*** Data for this task ***
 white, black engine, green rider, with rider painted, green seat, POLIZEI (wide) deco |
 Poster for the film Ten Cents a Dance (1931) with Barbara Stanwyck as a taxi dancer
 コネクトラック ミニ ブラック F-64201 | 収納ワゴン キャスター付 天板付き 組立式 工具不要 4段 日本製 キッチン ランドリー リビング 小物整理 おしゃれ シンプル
*** End of Data for this task ***
*** Data for this task ***
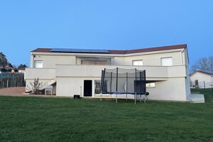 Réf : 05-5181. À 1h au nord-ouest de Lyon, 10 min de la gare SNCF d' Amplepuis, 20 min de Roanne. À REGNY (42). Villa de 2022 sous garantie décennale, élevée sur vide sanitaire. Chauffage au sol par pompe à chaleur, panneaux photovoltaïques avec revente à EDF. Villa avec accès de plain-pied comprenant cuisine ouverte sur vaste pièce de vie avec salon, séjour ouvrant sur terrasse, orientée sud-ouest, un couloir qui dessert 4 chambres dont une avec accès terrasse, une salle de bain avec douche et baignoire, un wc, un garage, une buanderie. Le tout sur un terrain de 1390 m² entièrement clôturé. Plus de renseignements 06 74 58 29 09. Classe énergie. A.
*** End of Data for this task ***
*** Data for this task ***
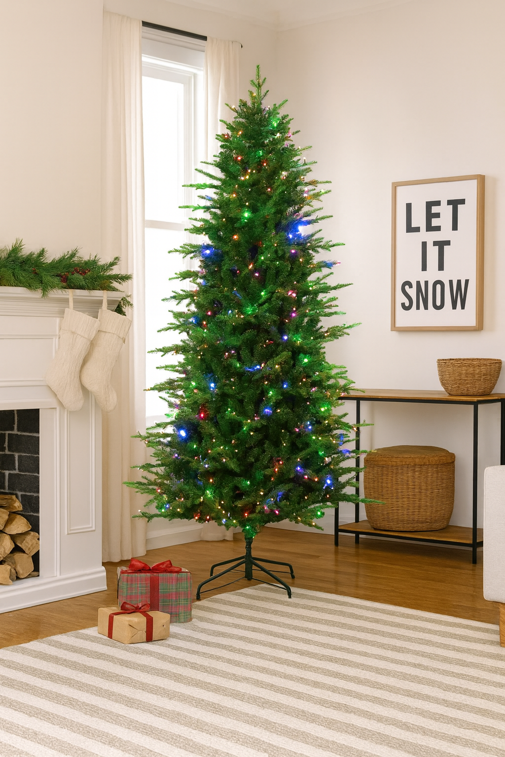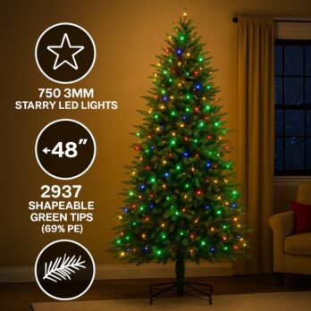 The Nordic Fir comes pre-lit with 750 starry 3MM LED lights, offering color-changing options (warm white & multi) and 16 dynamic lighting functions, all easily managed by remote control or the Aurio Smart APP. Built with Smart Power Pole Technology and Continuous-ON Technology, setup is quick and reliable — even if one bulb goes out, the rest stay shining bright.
*** End of Data for this task ***
- **Prompt**:
Return the span of lines in the data above that opens at the line with "white, black engine, green" and closes at the line with "コネクトラック ミニ ブラック", exactly, ends included, nothing else.

- **Your response**:
 white, black engine, green rider, with rider painted, green seat, POLIZEI (wide) deco |
 Poster for the film Ten Cents a Dance (1931) with Barbara Stanwyck as a taxi dancer
 コネクトラック ミニ ブラック F-64201 | 収納ワゴン キャスター付 天板付き 組立式 工具不要 4段 日本製 キッチン ランドリー リビング 小物整理 おしゃれ シンプル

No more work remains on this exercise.